Exercise goal:
Starting with the line that has "A praying angel" in the records below and ending with the line that has "White Vestido Tehuacan", output those lines exactly and nothing more; omit the pictures.

The records START

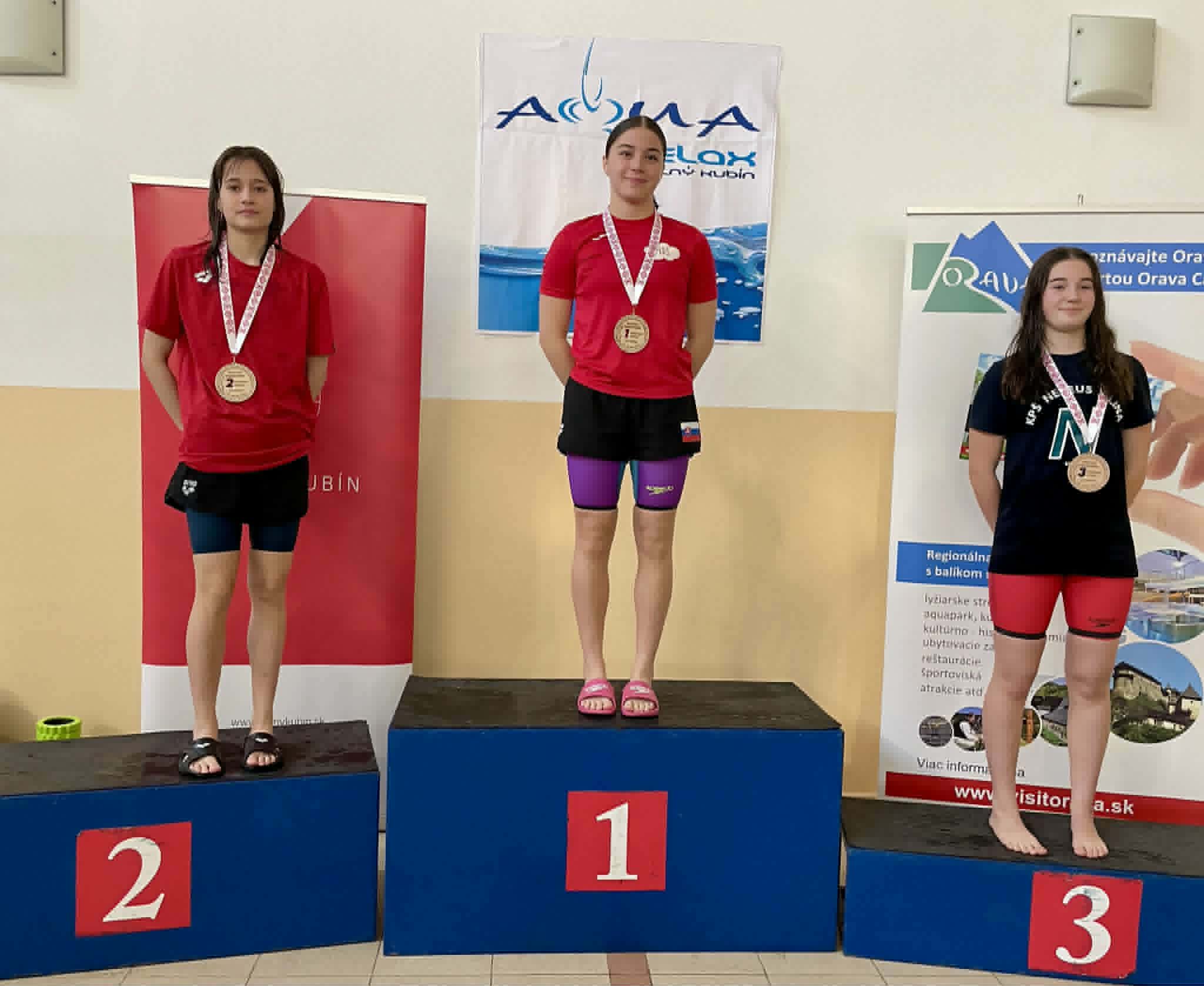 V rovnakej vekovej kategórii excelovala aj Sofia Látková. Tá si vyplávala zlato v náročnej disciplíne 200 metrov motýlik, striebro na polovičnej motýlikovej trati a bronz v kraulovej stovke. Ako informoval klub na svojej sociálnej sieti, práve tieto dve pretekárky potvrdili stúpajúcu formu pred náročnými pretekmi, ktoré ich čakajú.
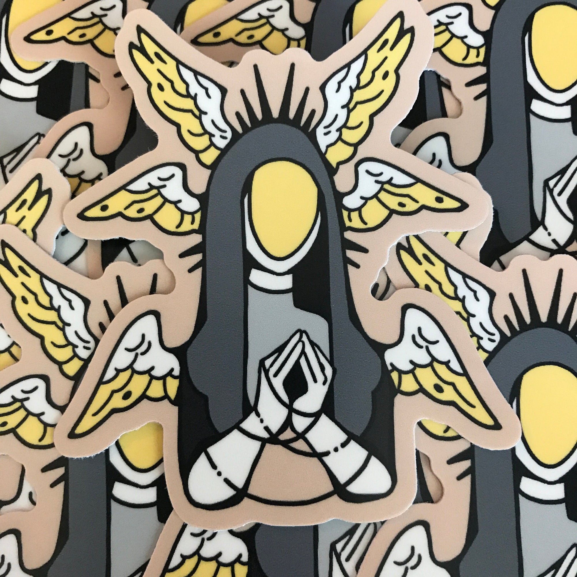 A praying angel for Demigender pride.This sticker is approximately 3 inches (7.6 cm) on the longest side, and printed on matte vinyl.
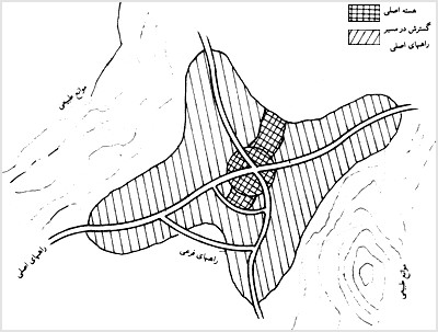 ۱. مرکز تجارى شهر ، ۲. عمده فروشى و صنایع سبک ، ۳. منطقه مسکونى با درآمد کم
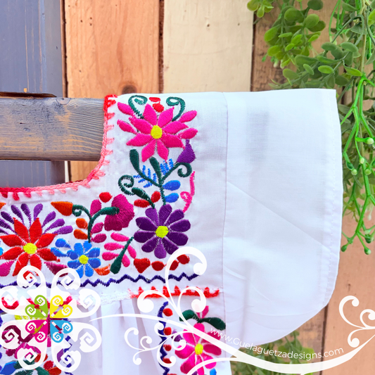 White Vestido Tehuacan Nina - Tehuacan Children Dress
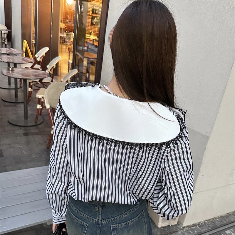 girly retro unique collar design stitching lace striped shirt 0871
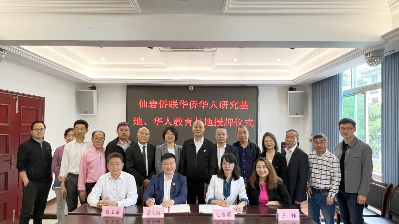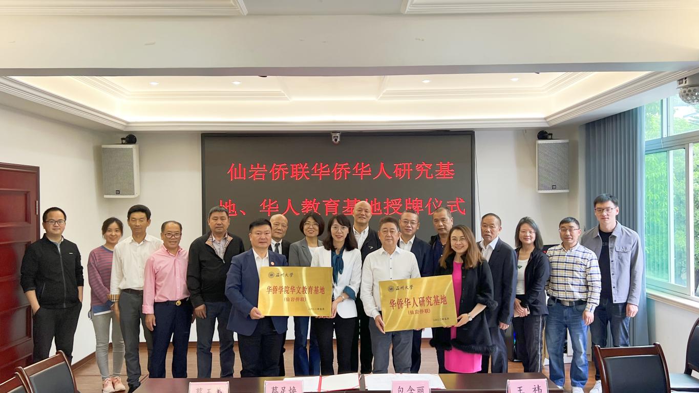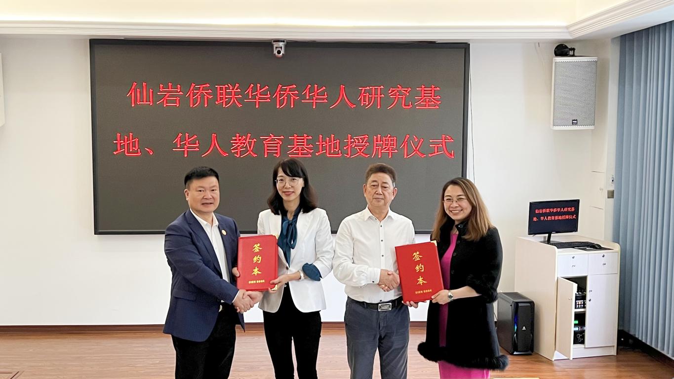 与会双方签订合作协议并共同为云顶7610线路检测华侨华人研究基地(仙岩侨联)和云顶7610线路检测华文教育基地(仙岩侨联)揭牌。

The records END

Answer space:
 A praying angel for Demigender pride.This sticker is approximately 3 inches (7.6 cm) on the longest side, and printed on matte vinyl.
 ۱. مرکز تجارى شهر ، ۲. عمده فروشى و صنایع سبک ، ۳. منطقه مسکونى با درآمد کم
 White Vestido Tehuacan Nina - Tehuacan Children Dress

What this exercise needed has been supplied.